Modern scientific research has achieved tremendous breakthroughs but the increasing complexity and specialization has created a distance between science and the general public. Scientific enquiry is now often regarded as something best left to the experts. The internet, however, has the potential to counteract this trend and empower people to ask their own questions and take charge of their personal pursuit of knowledge by making data increasingly available. At the forefront of this trend is crowdsourcing and crowdfunding, bringing diverse groups together through websites and social media to work on challenges and raise funds.

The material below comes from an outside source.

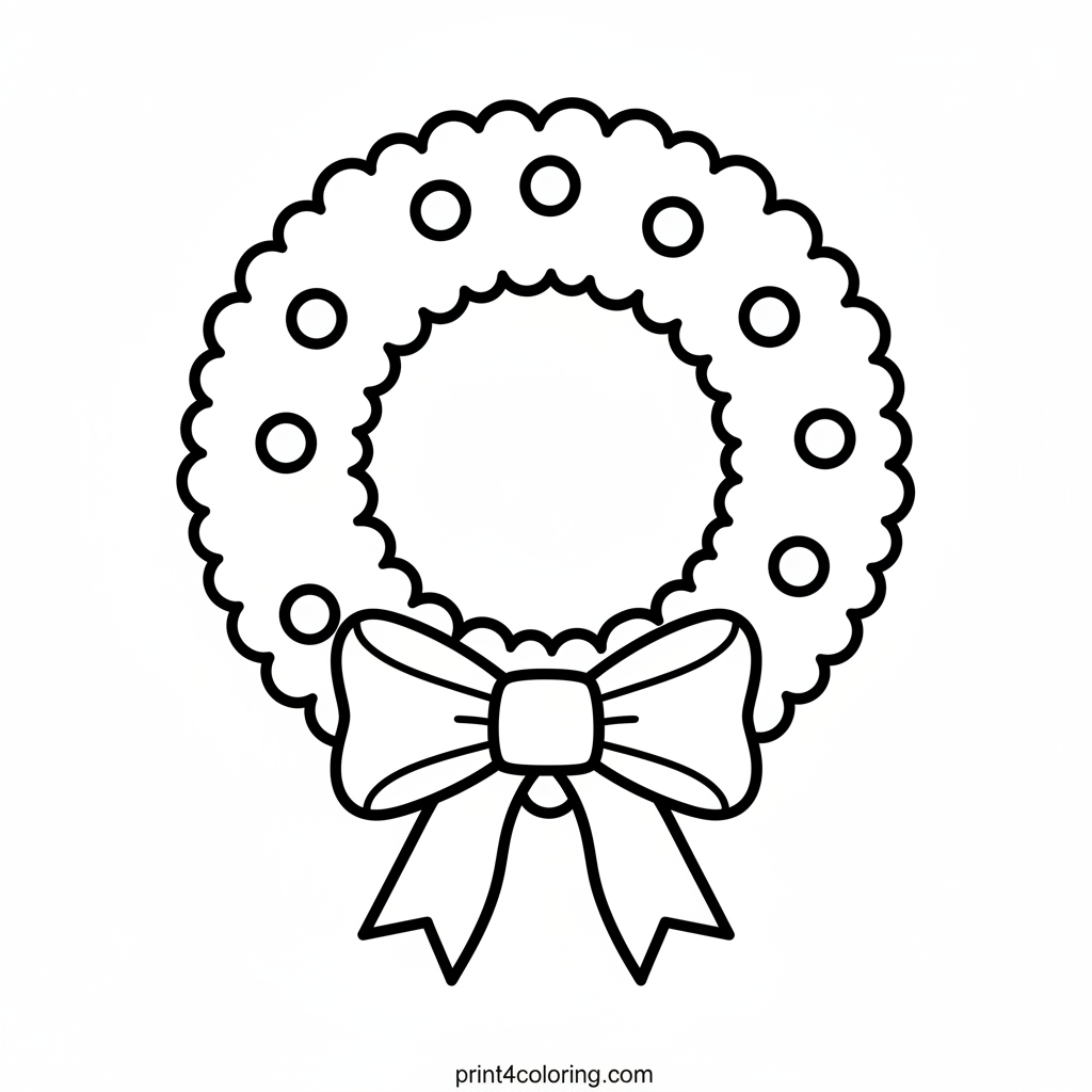Spread holiday cheer with this delightful Christmas wreath coloring page! Featuring a simple, classic wreath adorned with a huge, floppy, friendly-looking red bow, it's perfect for young children ages 3-7. Little hands will love bringing this festive scene to life with their favorite colors, making it a wonderful activity.

This project proposes to study how crowdfunding leverage free market mechanisms to confront the big questions of science and the pursuit of knowledge. The work involves in-depth interviews and surveys to explore what factors contribute to successful crowdfunding, and whether can stimulate increased engagement with scientific questions. Additionally, we will explore innovative strategies to promote engagement through crowdfunding: through developing educational and communication material, comparing different, and leveraging social networks and incentive engineering. Outputs from the project will include online education and training content, academic publications, and culminate in a whitepaper to outline the potential of crowdfunding to emerge as a major source of funds for scientific research and present a roadmap for crowdfunding platforms and researchers to take advantage of this emerging mechanism.
Crowdfunding has had a transformative impact on charitable giving and entrepreneurial finance but has yet to translate this impact to scientific research. This project has the potential to stimulate crowdfunding in this sector and build a lasting impact of greater public involvement and engagement in the scientific enterprise, and a greater consideration of the big questions that follow.